Филипп, по-видимому, лишь наполовину понял, в чем дело, но он с раздражением продолжал:
– Ты постоянно рассказывал ей о том, что мне изменила невеста и что я безгранично несчастен из-за этого. Черт возьми! Я давно оправился после всей этой истории и даже почти забыл о ней.
– У меня складывается не совсем хорошее впечатление о твоих нравственных качествах, – наставительно сказал Курт. – И месяца не прошло с тех пор, как ты торжественно уверял меня, что никогда больше не будешь любить, что женщины не существуют для тебя с того дня, как одна из них изменила тебе, и вдруг теперь ты преспокойно начинаешь ухаживать за другой! Я считал тебя человеком с характером, а ты оказываешься совсем пустым малым! Этого я никак от тебя не ожидал!
Фернштейн состроил самую серьезную физиономию, хотя с трудом удерживался, чтобы не расхохотаться.
– Неужели же я должен навеки отказаться от счастья потому только, что меня раз надули? – отпарировал Филипп. – И не подумаю! Я так и сказал фрейлейн Инге, конечно, через Христиана, и даже намекнул ей, где я нашел утешение и где рассчитываю найти свое счастье. Теперь она знает это.
– Вот как! И как же она приняла это?
– О, так, как я и не ожидал! – с торжеством ответил Филипп. – Она была глубоко тронута, протянула мне руку и сказала: «На вас я не сержусь. Вы были только жертвой, вы добрый человек!» Это слово в слово; я потом заставил Христиана еще два раза повторить мне то, что она сказала.
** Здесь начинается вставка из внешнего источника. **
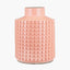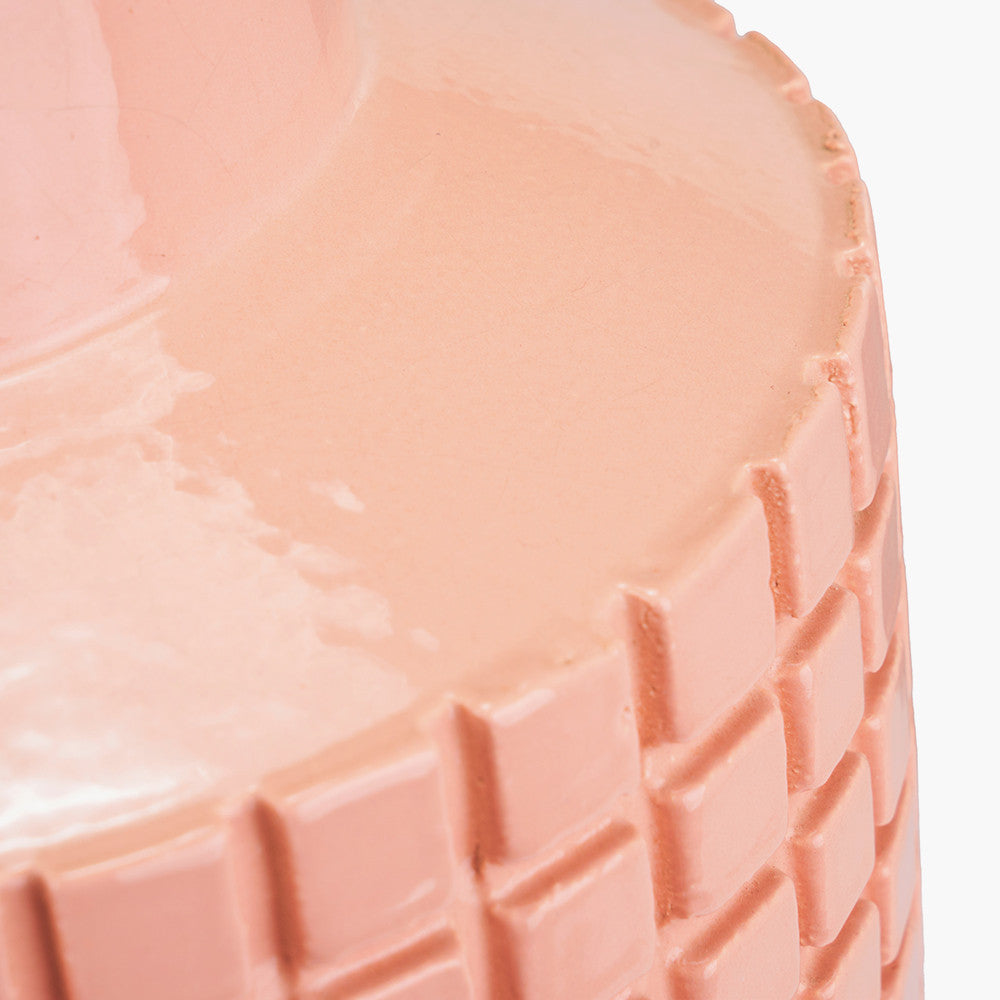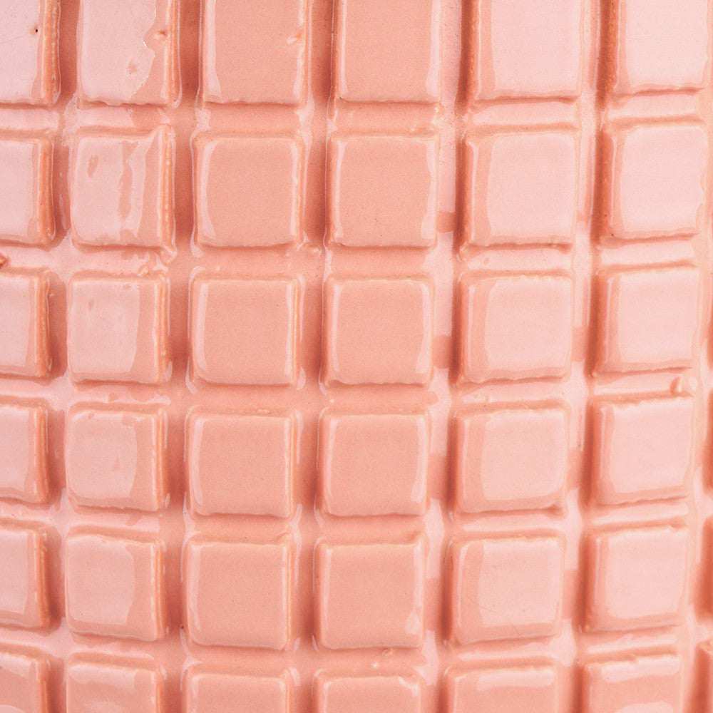 This vase features a straight sided design with a contemporary geo square texture, hand applied during manufacture. Made from stoneware and finished in a apricot semi matte gloss, this vase is a versatile piece that would look fabulous on a side table or mantel piece. This vase has a waterproof lining applied so can be used with a posy of fresh or dried flowers.

– Да, ты добрый человек, – согласился и Курт с растроганной миной, – жертвенные бараны всегда отличаются кротостью. Итак, на тебя она не сердится? Значит, весь свой гнев она сконцентрировала на мне и мне следует ожидать страшнейшего нагоняя?
Филипп злорадно улыбнулся. Он, правда, не знал всего, что позволил себе его школьный товарищ, потому что Инга не снизошла до объяснений, узнав, как были переведены ее ответы, но она при этом сжала руки в кулачки и даже сердито топнула ногой. Курт мог радоваться: его ожидала хорошая головомойка. И поделом! Он всех дразнил и всюду вносил раздоры. Вообще он был бесчувственным человеком, потому что вместо того, чтобы принять все близко к сердцу, только весело свистнул и тихо проговорил:
– Значит, опять расцарапаемся! Милая история!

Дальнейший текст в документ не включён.